**Dataset extract:**
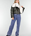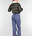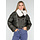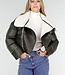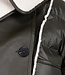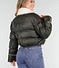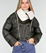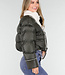 Diese kurze Steppjacke ist aus einem glänzenden dunkelgrünen Stoff gefertigt. Die Jacke hat einen breiten Kragen im Teddy-Look und wird vorne mit einer doppelten Knopfleiste geschlossen. Die Ärmel sind lang und mit breiten Manschetten versehen. An den Seiten befinden sich zwei Seitentaschen. Das Modell fällt gerade und endet an der Taille.
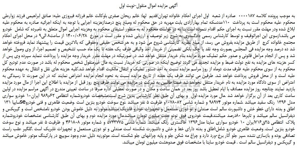 به موجب پرونده کلاسه 0000187 صادره از شعبه اول اجرای احکام خانواده تهران/قدیم لها: خانم ریحان صفری باوکالت خانم فرزانه فیروزی علیه: صادق ابراهیمی فرزند زوارعلی محکوم علیه محکوم است به پرداخت 110عددسکه تمام بهارآزادی بابت مهریه در حق محکوم له ومبلغ پنج درصدازهزینه اجرایی با توجه به اینکه اجرائیه صادره به محکوم علیه ابلاغ شده ودر مهلت مقرر نسبت به اجرای حکم اقدام ننموده است بنا به در خواست محکوم له به منظور استیفای محکوم به وهزینه اجرایی اموال متعلق به نامبرده که شامل خودرو می باشد،ازسوی این اجراتوقیف و توسط کارشناس رسمی دادگستری به شرح زیر توصیف و ارزیابی شده و مقرر است در مورخ 1400/06/28 از ساعت8 الی9 در محل اجرای احکام مجتمع خانواده کرج از طریق مزایده بفروش می رسد، از مبلغ نظریه کارشناسی شروع می شود و به هر شخص حقیقی وحقوقی که بالاترین قیمت را پیشنهاد نماید فروخته خواهد شد ده درصد وجه مزایده فی المجلس بصورت وجه نقد یا چک بانکی تضمینی از خریدار اخذ والباقی ظرف یک هفته تا یک ماه حسب تشخیص و تصمیم اجرا، از وی وصول خواهد شد و پس از انجام مراحل قانونی و صدور حکم تملیک مورد مزایده بنام خریدار منتقل خواهد شد. در صورتیکه در مهلت مقرر خریدار وجه مزایده را پرداخت ننماید سپرده وی پس از کسر هزینه های مزایده به نفع دولت ضبط و مزایده تجدید می گردد توضیح اینکه در صورتی که خریدار نسبت به مال غیرمنقول شخص محکوم له باشد در صورت عدم تودیع کل محکوم به از سوی محکوم علیه ظرف مدت دوماه از روز مراسم مزایده نسبت به اخذ دستور تملیک و انتقال مالکیت اقدام خواهد شد.کلیه هزینه های نقل و انتقال به عهده محکوم علیه است و از محل فروش پرداخت خواهد شد. طرفین می توانند ظرف یک هفته از تاریخ مزایده نسبت به نحوه انجام مزایده اعتراض نمایند که در این صورت تا رسیدگی به اعتراض از سوی دادگاه مورد مزایده به نام خریدار منتقل نخواهد شد ضمنا طالبین به شرکت در مزایده می توانند ظرف پنج روز قبل از مزایده با اطلاع این اجرا از مال مورد مزایده بازدید نمایند چنانچه روز مزایده مصادف با ایام تعطیل باشد روز بعد در همان ساعت و مکان و در صورت تعطیلی اداره صرفا در ساعت تعیینی مندرج در آگهی مراسم مزایده در اولین ساعت کاری بعد از آن برگزار خواهد شد .مال مورد مزایده اول و بهای آن طبق نظر کارشناس بدین شرح است:مشخصات خودرو:شماره انتظامی 62م989 ایران10 خودرو سواری سایپا 131 seمدل 1396 رنگ سفید میباشد .شماره موتور 98974 و شماره شاسی 1078082و ظرفیت 5 نفر میباشد .نوع سوخت خودرو بنزین است .وضعیت ظاهری و فنی خودرو اطاق و بدنه دارای خطو خش و داشبورت سالم است صندلی و تو دوزی مستعمل و تجهیزات خودرو فابریک میباشد.موتور به دلیل خاموش بودن خودرو نامشخص است و گیربکس و دیفرانسیل سالم میباشد و تایرها 80درصد میباشند.قیمت خودروی فوق نودو هفت میلیون تومان میباشد.مال مورد مزایده دوم و بهای آن طبق کارشناسی :مشخصات خودرو:شماره پلاک انتظامی 25ق716ایران 10 خودرو سواری ساینا مدل1396 خاکستری رنگ میباشد. شماره شاسی 5733775 و شماره موتور 461808 و ظرفیت 5 نفر میباشد و نوع سوخت خودرو بنزین است. وضعیت ظاهری خودرو شامل:اطاق و بدنه دارای خط و خش و داشبورت شکسته است صندلی و تو دوزی مستعمل و تجهیزات غابریک است .گلگیر عقب راست تصادفی بوده و بازسازی نشده .سپر جلو آثار برخ0ورد دارد و چراغ مه شکن جلو و پایه چراغهای جلو شکسته است. موتور:به دلیل عدم وجود سوییچ در پارکینگ موتور خاموش میباشد و گیربکس و دیفرانسیل سالم است . قیمت خودرو ساینا با مشخصات فوق صدوهشت میلیون تومان میباشد.
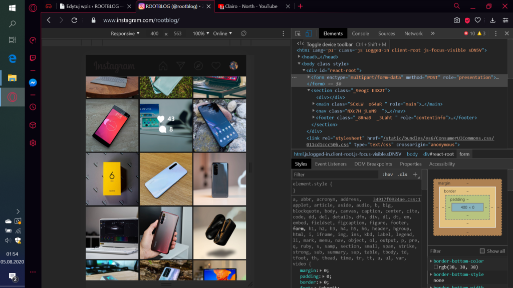 Interesuje nas przycisk podpisany w Operze jako Toggle device toolbar z ikoną tabletu i smartfona. Zmienia on widok strony na mobilną. W ten sposób jesteśmy już praktycznie u celu. Ostatnim krokiem jest odświeżenie strony, aby pojawił się u dołu przycisk z plusikiem służący do dodawania zdjęć. Po zakończeniu tego procesu możecie zmienić z powrotem na “właściwy” tryb strony Instagrama w przeglądarce.
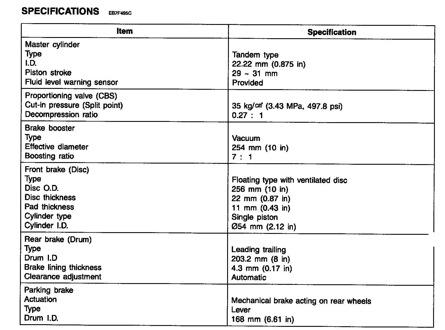 Brake System General Specifications:
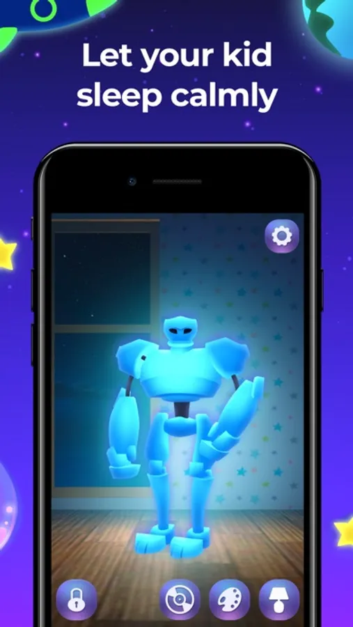 Select any shape and colour of the lantern. Switch on a pleasant melody to create an atmosphere of serenity. Set a timer if necessary and sleep well.
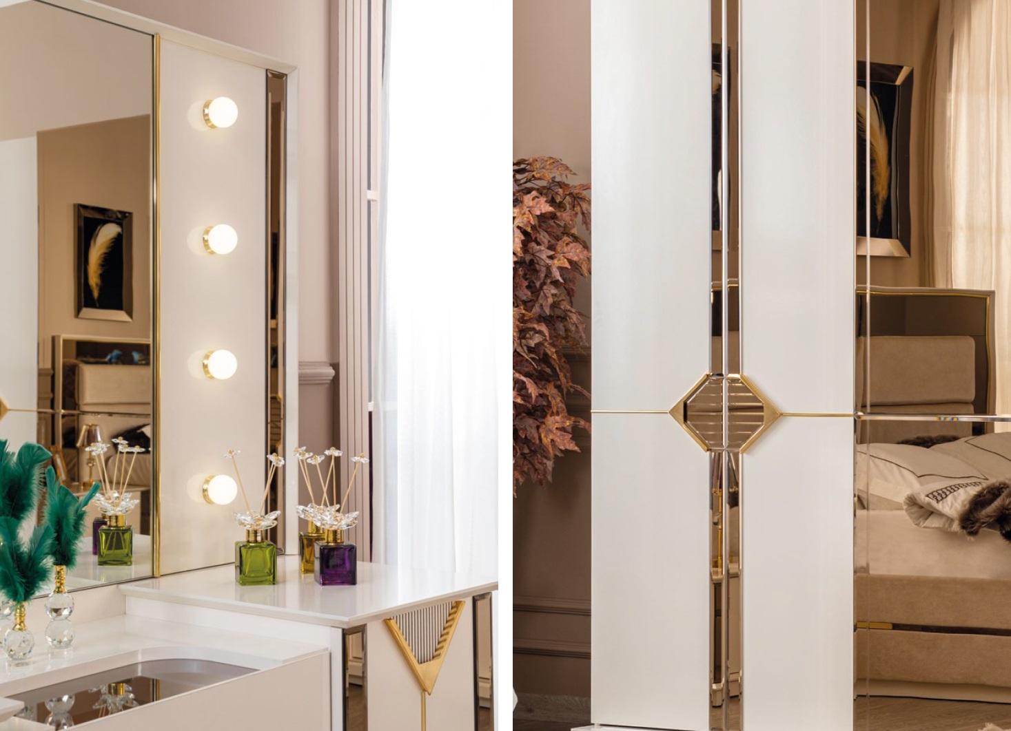 Entdecken Sie das moderne 4-teilige Schlafzimmer-Set "Modern Bett 2x Nachttische" von B2B Moebel! Dieses luxuriöse Design-Ensemble besteht aus einem stilvollen Bett, zwei eleganten Nachttischen und einem Schminktisch mit Spiegel. Mit den Maßen des Bettes von ca. 238 x 220 x 113 cm und einer Liegefläche von ca. 180 x 200 cm bietet dieses Set sowohl Komfort als auch Eleganz. Die Nachttische mit den Maßen ca. 65 x 44 x 40 cm und der Schminktisch mit Spiegel in ca. 114 x 46 x 170 cm vervollständigen das traumhafte Set. Hergestellt aus hochwertigem Holz, Glas und Textil in der abgebildeten Farbe passt dieses Schlafzimmer-Set perfekt in modern eingerichtete Räume. Bringen Sie Luxus und Stil in Ihr Zuhause mit dem "Modern Bett 2x Nachttische" Set!
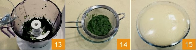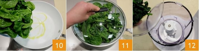 In der Zwischenzeit wascht den Spinat und dünstet ihn in einer Pfanne mit einem Schuss Öl bedeckt mit einem Deckel (10-11). Sobald sie gekocht sind, lasst sie abkühlen und gebt sie dann in einen Mixer 12
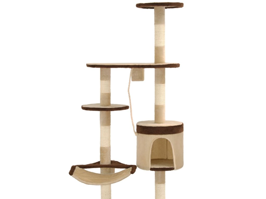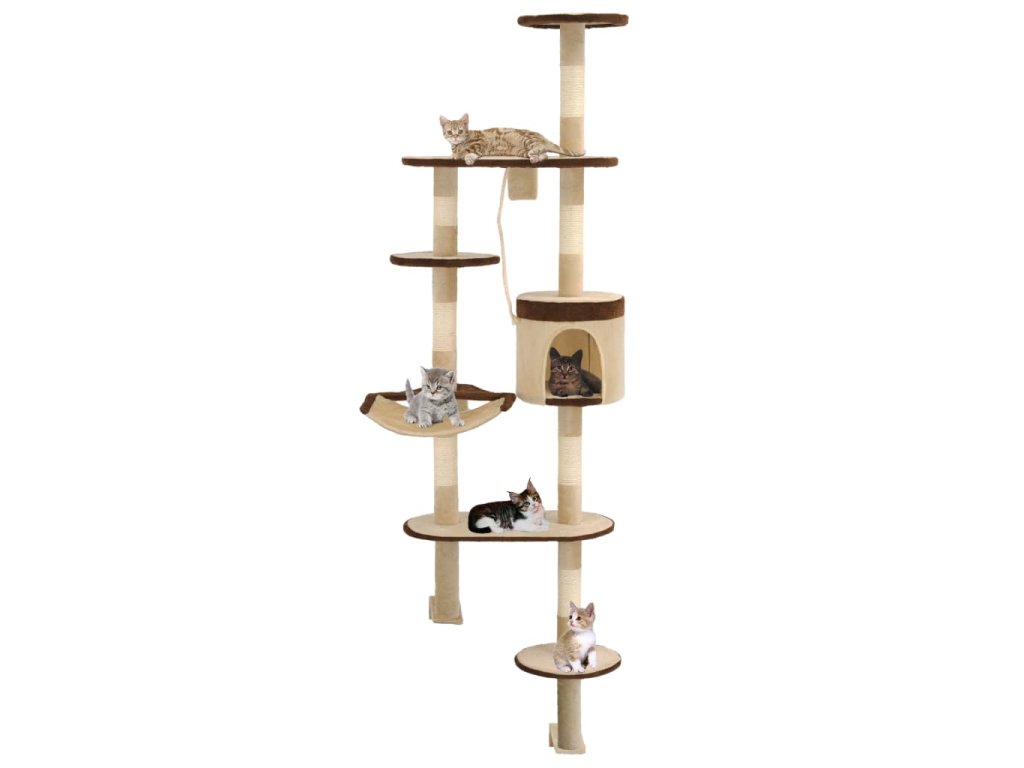Plyšové škrabacie tyče s kobercami sú obalené sisalovým lanom, čo je veľmi vhodné na brúsenie pazúrikov vášho mačacieho kamaráta. Mačka sa zabaví naháňaním a skákaním po tejto zábavnej hračke. Mačací strom je vybavený útulným domčekom a posteľou, aby si mohla mačka zdriemnuť alebo si oddýchnuť. Taktiež obsahuje vyhliadkové plošiny a priestory na relax, ktoré pomôžu zabaviť vášho malého priateľa.
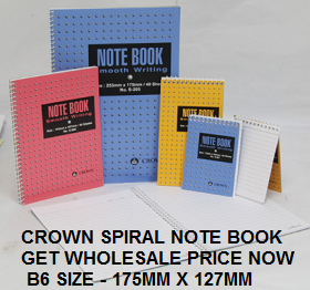 We are Supplier for CROWN SPIRAL NOTE BOOK S203 175MM X 127MM B6 sizes , appointed by Crown Note Book Malaysia to offer all note book with special best price , call 010 7778881
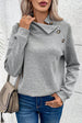 Gray Asymmetric Buttons Detail High Neck Textured Sweatshirt
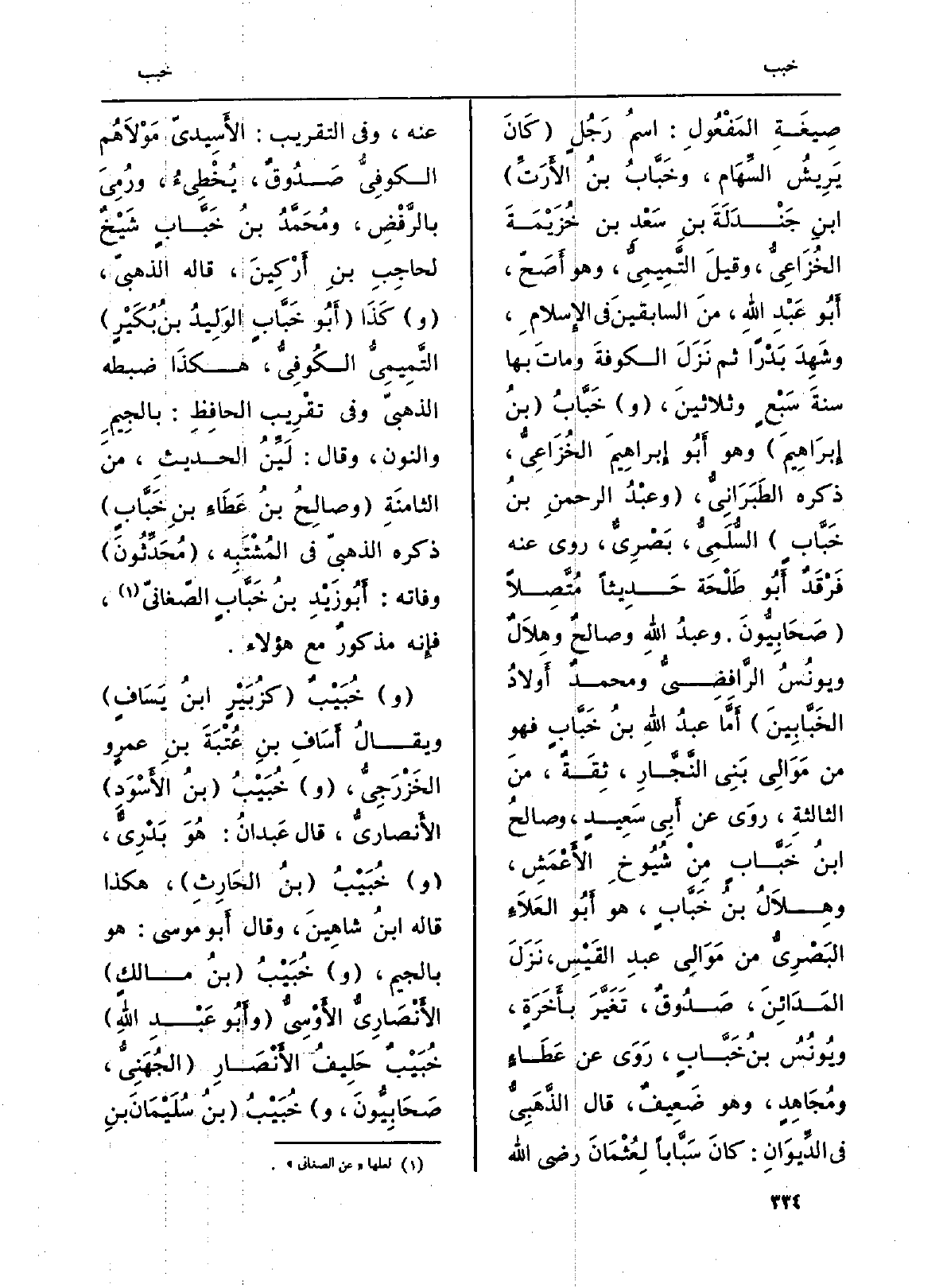 صِيغَةِ المَفْعُولِ: اسمُ رَجُلٍ (كَانَ يَرِيشُ السِّهَام، وخَبَّابُ بنُ الأَرَتِّ) ابنِ جَنْدَلَةَ بنِ سَعدِ بن خُزَيْمَةَ الخُزَاعِيُّ، وقيلَ التَّمِيمِيُّ، وَهُوَ أَصَحّ، أَبُو عَبْدِ اللَّهِ، منَ السابقينَ فِي الإِسلامِ، وشَهِدَ بَدْراً ثمَّ نَزَلَ الكوفةَ وماتَ بهَا سنةَ سَبْعٍ وثلاثينَ، (و) خَبَّابُ (بنُ إِبرَاهِيمَ) وَهُوَ أَبُو إِبراهِيمَ الخُزَاعِيُّ، ذكره الطَبَرَانِيُّ، (وعبْدُ الرحمنِ بنُ خَبَّابٍ) السُّلَمِيُّ، بَصْرِيٌّ، روى عَنهُ فَرْقَدٌ أَبُو طَلْحَة حَديثاً مُتَّصِلاً (صَحَابِيُّونَ. وعبدُ اللَّهِ وصالحٌ وهِلاَلٌ ويونُسُ الرَّافِضِيُّ ومحمدٌ أَولادُ! الخَبَّابِينَ) أَمَّا عبدُ اللَّهِ بنُ خَبَّابٍ فَهُوَ من مَوالِي بَنهي النَّجَّارِ، ثِقَةٌ، منَ الثالثةِ، روَى عَن أَبِي سَعِيدٍ، وصالحُ ابنُ خَبَّابٍ مِنْ شُيُوخِ الأَعمَشِ، وهِلاَلُ بنُ خَبَّابٍ، هُوَ أَبُو العَلاَءِ البَصْرِيُّ من مَوَالِي عبدِ القَيْسِ، نَزَلَ المَدَائِنَ، صَدُوقٌ، تَغَيَّرَ بأَخَرَةٍ، ويُونُسُ بنُ خَبَّابٍ، رَوَى عَن عَطاءٍ ومُجَاهِدٍ، وَهُوَ ضَعِيفٌ، قَالَ الذَّهَبِيُّ فِي الدِّيوَانِ: كانَ سَبَّاباً لِعُثْمَانَ رَضِيَ الله عَنهُ، وَفِي (التَّقْرِيب) : الأَسِيديّ مَوْلاَهُم الكوفِيُّ صَدُوقٌ، يُخْطِىءُ، ورُمِيَ بالرَّفْضِ، ومُحَمَّدُ بنُ خَبَّابٍ شَيْخٌ لحاجِبِ بنِ أَرْكِينَ، قَالَه الذهبيّ، (و) كَذَا (أَبُو خَبَّابٍ الوَالِيدُ بنُ بُكَيْرٍ) التَّمِيمِيُّ الكُوفِيُّ، هكذَا ضَبطه الذهبيُّ وَفِي (تقْرِيب الحافِظِ) : بالجِيمِ وَالنُّون، وَقَالَ: لَيِّنُ الحديثِ، منَ الثامنَةِ (وصالِحُ بنُ عَطَاءٍ بنِ حَبَّابٍ) ذكره الذهبيّ فِي المُشْتَبِه، (مُحَدِّثُونَ) وَفَاته: أَبُو زَيْد بنُ خَبَّابٍ الصّغانيّد فإِنه مذكورٌ مَعَ هَؤُلَاءِ.
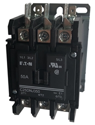 The Eaton C25DNJ350B is a 50 AMP, 3 pole Definite Purpose contactor that has a 208-240 volt AC coil. It has double quick connect terminals and available side mounted auxiliaries.
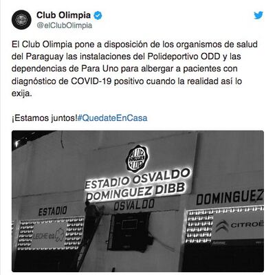 El Ciclón, por medio de su cuenta oficial en las redes sociales, puso que “en el caso de que sea necesario, Cerro Porteño pone a disposición del Ministerio de Salud las instalaciones del club del pueblo, para ser utilizadas ante una eventual emergencia sanitaria por el #COVID19. Paraguay nos necesita a todos y este partido lo ganaremos juntos”.
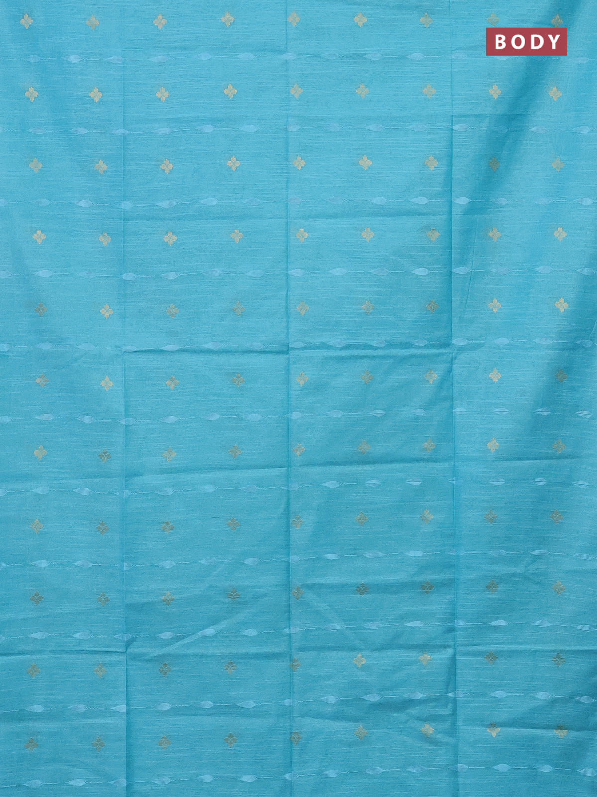 Semi bamboo saree light blue and pastel green with thread & zari woven buttas in borderless style

**Exercise:** The lines to set down run from the line with "Brake System General" up to and including the line with "Select any shape" in the entries above. Reproduce them exactly, with no pictures.

**Final answer:**
 Brake System General Specifications:
 Select any shape and colour of the lantern. Switch on a pleasant melody to create an atmosphere of serenity. Set a timer if necessary and sleep well.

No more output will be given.